The LiPD Utilities are a primary way to interact with LiPD files. The utilities are available on GitHub in Matlab, R, and Python language. All three languages support reading and writing a LiPD file, extracting and collapsing time series, and filtering time series.

LiPD Utilities in Python 3

A note for Windows users: While programs like Python exist for Windows, you'll have more flexibility if you work in a Linux environment. To start working with Linux, you could ask your university for an account on their Linux machine, then use a program like ssh to connect. Alternately, you could install a Linux virtual machine (e.g. VirtualBox) on your PC.

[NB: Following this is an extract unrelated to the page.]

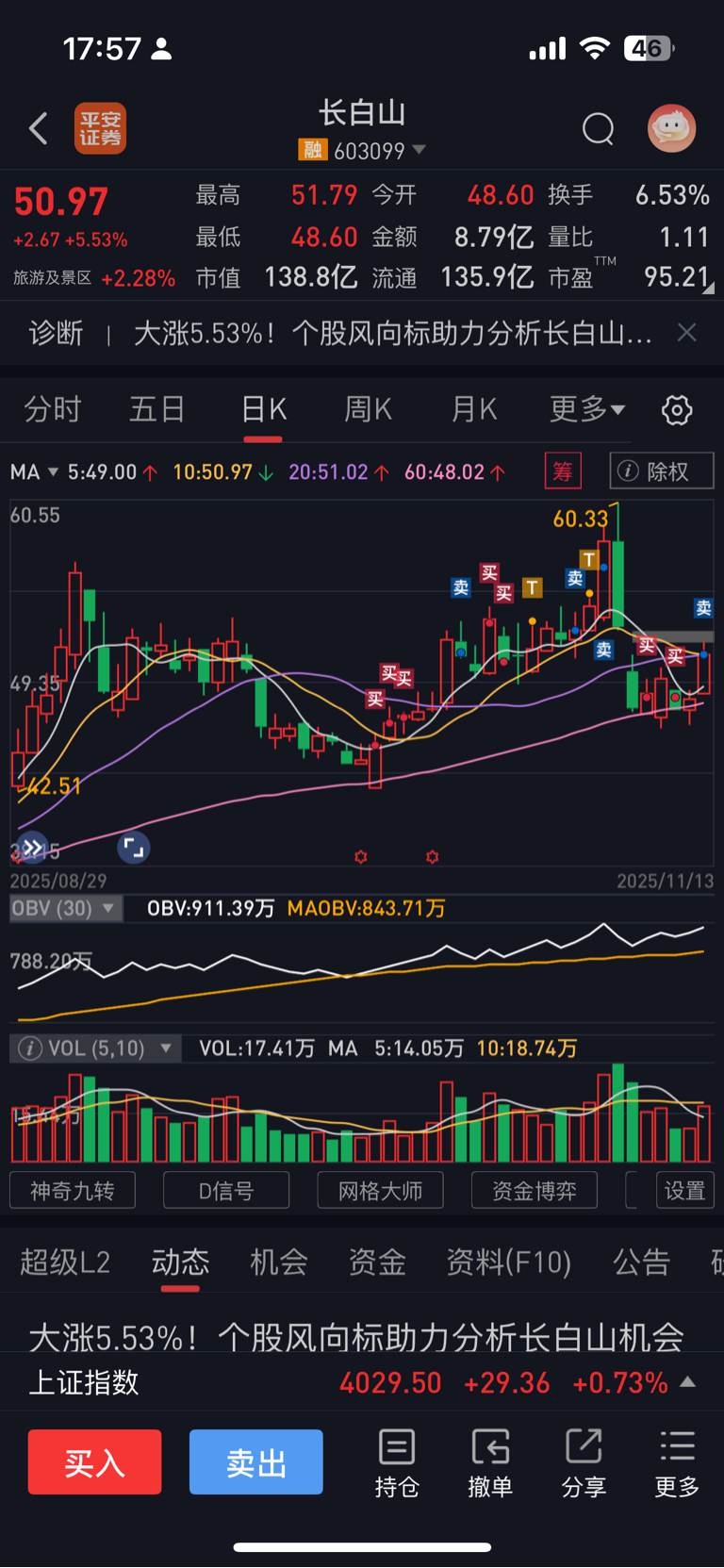 $长白山(SH603099)$ 4号清仓,今天又清了。但愿下周给我接回的机会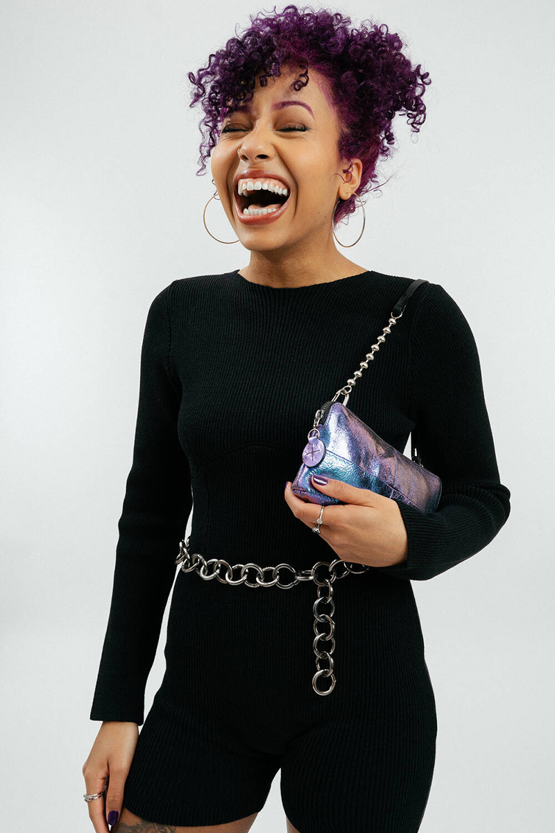 Der abnehmbare Kugelkettenriemen verleiht dem sonst reduzierten Design das gewisse Etwas und dient auch als Schlüsselband.

To use LiPD Utilies in Python, first make sure you have Python 3 installed. If you don't, one option is Anaconda.

Next install LiPD Utilities:

pip install LiPD

Start python with the command "python". Then import lipd:

import lipd

There are many functions in the LiPD utilities, but here are just a few. First, read a LiPD file:

lipd.readLipd('/path/to/data/file.lpd')  # Load a specific LiPD file.  Or...
lipd.readLipd()                          # Load a LiPD file through a GUI.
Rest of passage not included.